Una olla a presión llamada Mercedes-Benz Stadium
El ambiente se había ido enrareciendo mucho antes del incidente final. Argentina eligió a Bellingham como objetivo físico y psicológico. Leandro Paredes se libró de la amarilla tras una entrada durísima sobre el jugador de 23 años. Cristian Romero, fiel a su estilo, celebró una simple despejada como si fuera un gol, gritando y gesticulando a centímetros del ex Borussia Dortmund.
Cada choque, cada gesto, sumaba una capa más de frustración. Cuando el árbitro señaló el final y certificó la eliminación inglesa, el vaso ya estaba a punto de rebosar. El manotazo a Barco fue la última gota.
Pero el enfado no era solo cuestión de orgullo herido. Dentro del vestuario inglés dolía, y mucho, la sensación de haber tirado por la borda una semifinal que tenían encarrilada. Anthony Gordon había adelantado a los Three Lions y el partido parecía bajo control. Entonces Thomas Tuchel decidió blindarse.
El técnico alemán renunció al plan inicial y ordenó un cambio a una línea de cinco atrás para proteger la ventaja. La selección se echó atrás, bajó líneas y se metió en su propia área. Justo lo que Argentina quería. El campeón del mundo olió sangre, se adueñó del balón y empezó a acumular llegadas. El giro táctico, reconocido por el propio Tuchel, convirtió a Inglaterra en un equipo “pasivo” en el momento más delicado.
El castigo llegó tarde, pero llegó. Primero con el gol de Enzo Fernández, que desató la carrera desafiante de Barco hacia los ingleses. Y ya en el descuento, con el cabezazo de Lautaro Martínez que dio la vuelta al marcador y lanzó a Argentina a otra final mundialista.
Bellingham, entre la grandeza y la polémica
Tras el golpe deportivo llegó el golpe emocional. Bellingham fue uno de los más afectados. Ante los aficionados que han esperado 60 años para ver a su selección en otra final de World Cup, el mediocampista no escondió el dolor.

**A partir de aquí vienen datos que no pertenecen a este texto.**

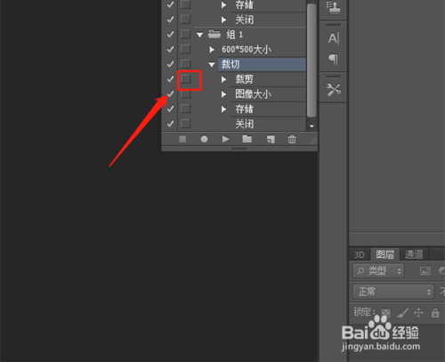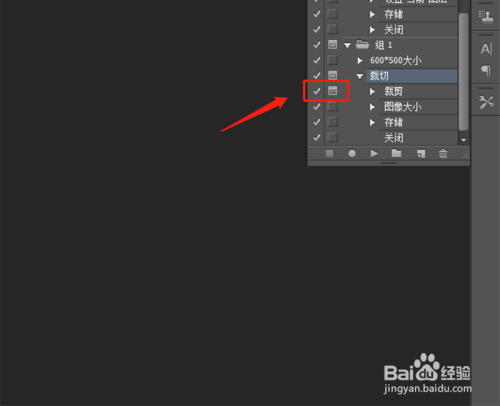 将裁剪的这个动作前面的小方形打开,用鼠标点击就可以打开,这样在执行裁剪这个动作的时辰,会让我们选择区域。

Habló de experiencia, de aprendizaje, pero sobre todo de frustración. Admitió que le “destroza” tener que repetir a los hinchas el mismo discurso de siempre, esa letanía de “casi” y “estuvimos cerca” que persigue a Inglaterra desde 1966. Él quería ser parte del grupo que, por fin, rompiera la maldición. No lo fue.

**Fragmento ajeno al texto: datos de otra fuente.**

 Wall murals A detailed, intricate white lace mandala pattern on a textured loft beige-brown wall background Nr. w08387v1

Y ahora, además, se enfrenta a un problema añadido. El golpe a Barco pasó inadvertido para el cuerpo arbitral durante el encuentro, pero las imágenes son nítidas. La puerta queda abierta a una actuación de oficio por parte de la FIFA: posible multa, posible sanción, posible ausencia en el partido por el tercer puesto ante Francia en Miami este sábado.
Perder a su futbolista más influyente justo antes del duelo que puede darles su mejor clasificación mundialista desde 1966 sería un mazazo para Inglaterra. Bellingham ha sido uno de los grandes nombres del torneo, un futbolista dominante en casi todas las fases del juego. Sin embargo, el riesgo es evidente: que esta polémica eclipse parte de lo que ha hecho con el balón.
Mientras tanto, el torneo no espera. Inglaterra deberá recomponerse a toda prisa para pelear por el bronce. Argentina, con la adrenalina todavía en vena y el ánimo por las nubes, ya mira a España y al MetLife Stadium, donde se decidirá el nuevo campeón del mundo. Y Bellingham, héroe y villano en la misma noche, aguarda el veredicto que puede marcar su último capítulo en este Mundial.